Opinion | A less scathing comparison of Nero and Leung Chun-ying

My Italian friend Angelo Paratico likes to compare Nero to Leung Chun-ying - and even wanted to dedicate to our chief executive a centuries-old book he translated about the infamous Roman emperor. In the end, my friend didn't do so, but still presented the translated book as a gift.
Predictably, Leung's office was not thrilled. His private secretary sent a note politely declining the offer and not-too-subtly warning him never to send "gifts" again. They probably thought the book was a rude joke, but they really misunderstood. Let me try to clear that up here.

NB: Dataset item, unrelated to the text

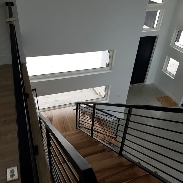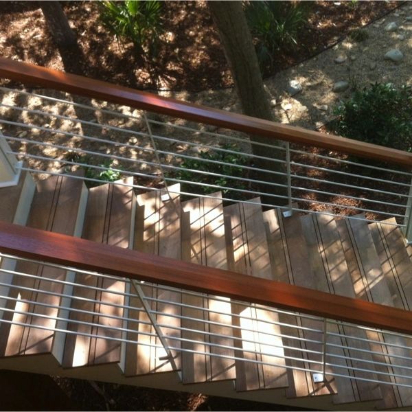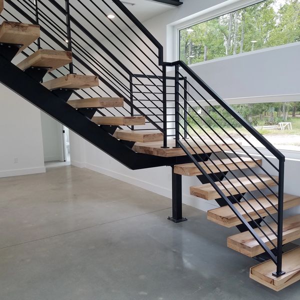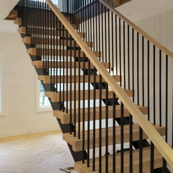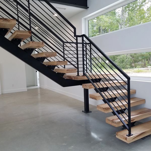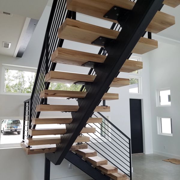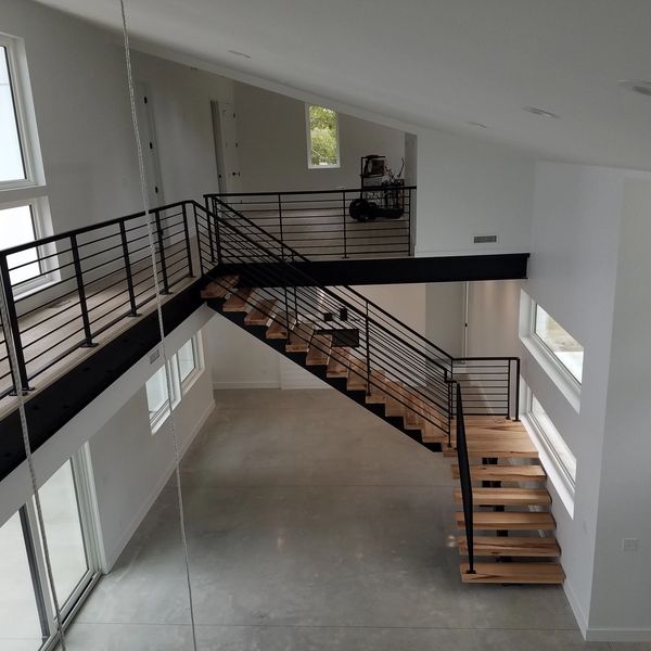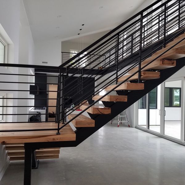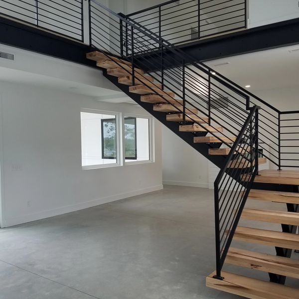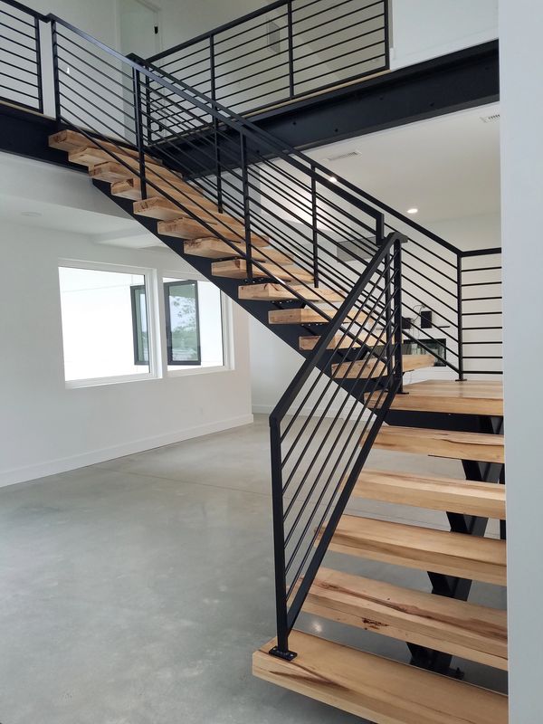 Monobeam stair with vertical rail pickets and custom wood rail cap

You cannot find a bigger fan of C. Y. Leung than Angelo. "In the beginning, I was even planning to dedicate [the book] to him," Angelo said. "But friends dissuaded me. A book on Nero would have sounded offensive - sort of inviting him to burn down Hong Kong."
A novelist, journalist and history buff, Angelo spent six months translating from Latin to English Nero: An Exemplary Life, written by Girolamo Cardano, a 16th-century polymath in the mould of Leonardo da Vinci. The book, in which I wrote the foreword, has been published.
Cardano thought venerated Roman historians Tacitus and Suetonius were shoddy, though everyone from Machiavelli to Edward Gibbon had depended on them as authoritative sources on the Julio-Claudian line of horrible emperors, including Nero.
Cardano thought Nero was a good emperor. Contemporary scholars think he was not so bad as traditionally thought.